The problem you mention of several different clients wanting to label essentially the same problem in slightly different categories is common. Did you try the search endpoint? The search endpoint can give you a similarity to each of the categories, where you can describe each category with natural language.

@boris, brilliant! I scanned over the section on the search endpoint but thought it was a type of question-answer so didn’t give it enough attention. I’ll definitely try it. Thank you

The 3rd document was meant to disqualify hurricane damage, “not caused by hurricane” but instead, the query scored highest on the 3rd document.

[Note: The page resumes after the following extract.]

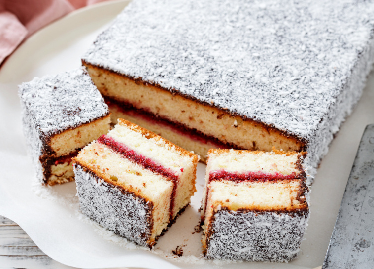 Australijskie ciasto z dżemem (znane również jako lamingtony) to niemal kultowy deser w tym kraju. Pochodzi z Queensland i zostało nazwane tak na cześć lorda Lamingtona, gubernatora stanu z końca XIX wieku. Od tamtego czasu wciąż jest popularne, i nic dziwnego. Puszysty biszkopt przełożony malinowym dżemem, a do tego czekoladowa polewa i wiórki smakują cudownie. Nie znam nikogo, kto, by go nie lubił.

-H “Content-Type: application/json”
-H ‘Authorization: Bearer xx’
-d ‘{
“documents”: [
“damage due to hail”,
“damage caused by Hurricane”,
"Damage caused by hail but not caused by hurricane damage",
“Damage caused by theives but not caused by rioters or vandals”,
“Damage caused by rioters”,
“Damage caused by water but not caused by sewage backup”],
"query": "Hurricane and hail damage"

“object”: “list”,
“data”: [{
“object”: “search_result”,
“document”: 0,
“score”: 295.784
“object”: “search_result”,
“document”: 1,
“score”: 232.972
“object”: “search_result”,
“document”: 2,
“score”: 402.171
“object”: “search_result”,
“document”: 3,
“score”: 77.785
“object”: “search_result”,
“document”: 4,
“score”: 72.773
“object”: “search_result”,
“document”: 5,
“score”: 195.766
“model”: “davinci:2020-05-03”

1 Like

I’ve tried it for classification before and it seems overly creative. For context, I was using it to summarize interviews on social media use and it would create classifications like “cuteness” and “algorithms” that a human wouldn’t. It’s not wrong, but it’s not ideal behavior for classification.

However below davinci, it seems to be quite inaccurate with things like interview transcripts. For that situation, someone was willing to pay though, and the value was far higher than the cost, so it didn’t matter.